In my column this week, I point out that any meaningful reform of the U.S. tax system will require taking a hard look at the special benefits benefitting specific groups. If these so-called tax expenditures were counted as spending each year, they would exceed the cost of Medicare, or Social Security, or defense or all the discretionary domestic spending programs.
There are about $1.1 trillion of tax preferences, according to the latest figures compiled by the Congressional Committee on Taxation, with the most generous benefits going to investors. The lower rates on capital gains and dividends are worth $160.8 billion a year and the exclusion of capital gains taxes at death amounts to $42.8 billion.
There are tax preferences that primarily benefit working-class or middle-class Americans, including the earned-income tax credit, at $60.9 billion a year, and the $57.3 million annual tax credit for children under 17.
Most of the bigger tax expenditures, such as preferences for pension plans, state and local and property taxes and home-mortgage interest deductions tilt decidedly toward upper-income taxpayers.
The $69.7 billion a year write-off for interest on home mortgages is often depicted as a benefit allowing the middle class to realize the American dream of home ownership.

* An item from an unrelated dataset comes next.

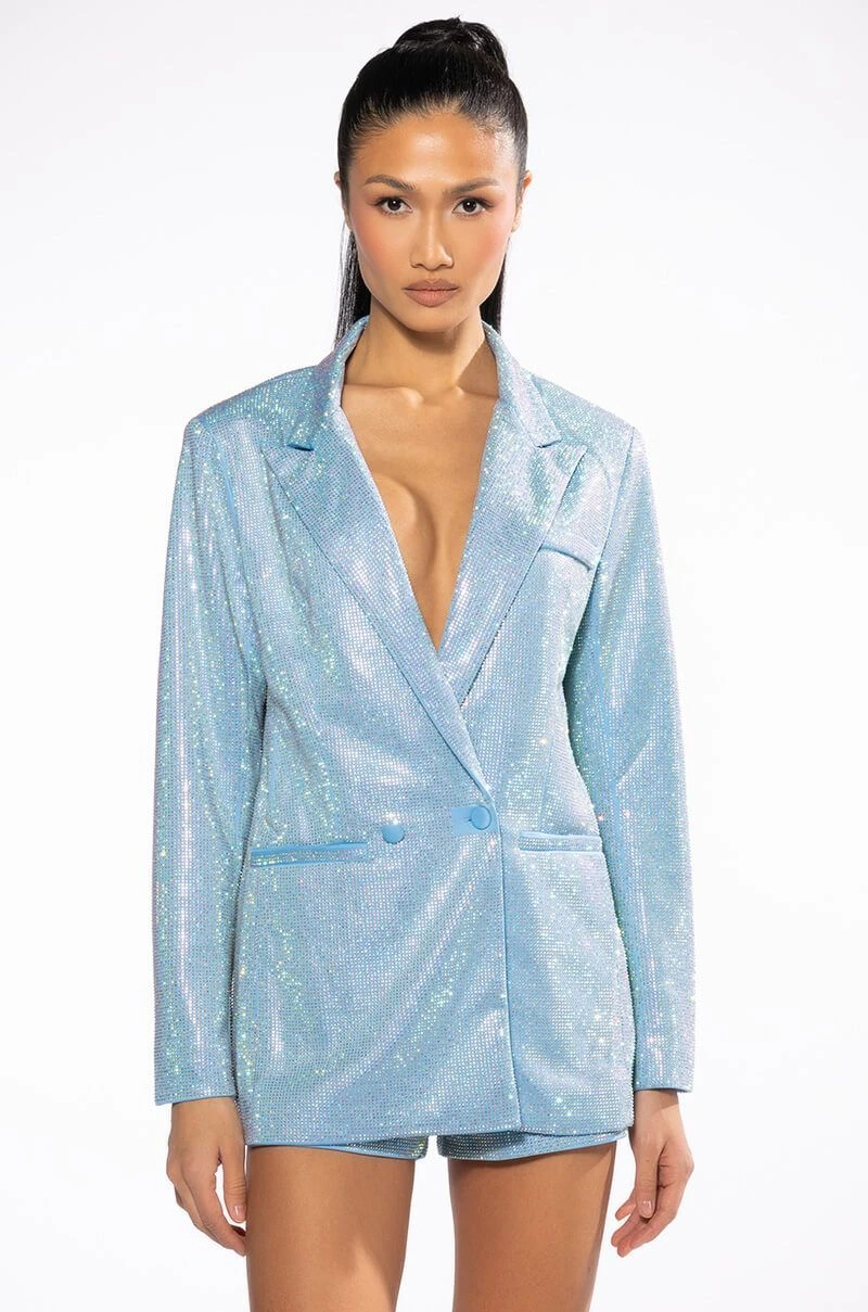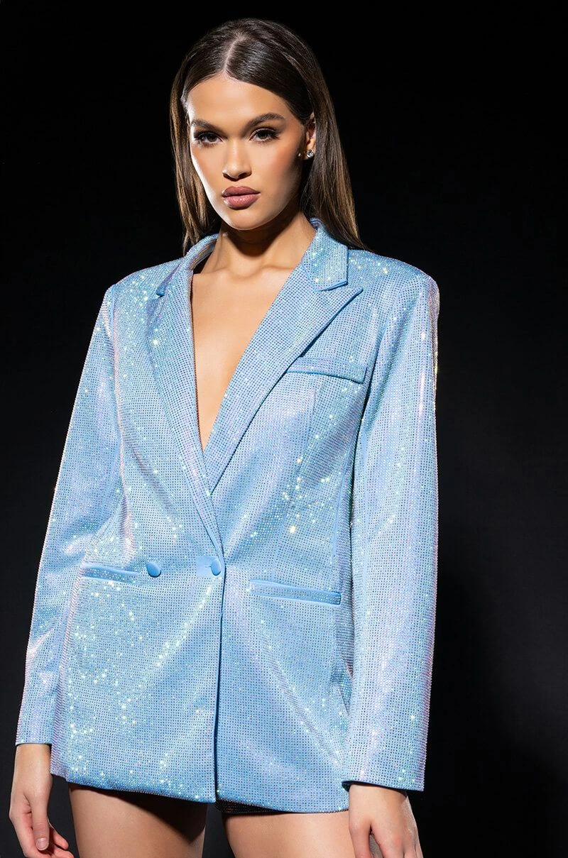 POP STAR SHINE BRIGHT RHINESTONE BLAZER IN LIGHT BLUE

In reality, it benefits the wealthy much more. The liberal Center for Budget and Policy Priorities recently offered an illustration: An investment banker making $675,000 a year with a $1 million home mortgage pays $40,000 in interest and gets a $14,000 tax break; a nurse making $60,000 and paying $10,000 in interest gets a $1,500 break.
Even the percentage of the banker's interest expenses covered by the subsidy is more than twice as large as that of the nurse. Actually, with the increase in the top rate approved in January the investment banker's subsidy would be a little larger.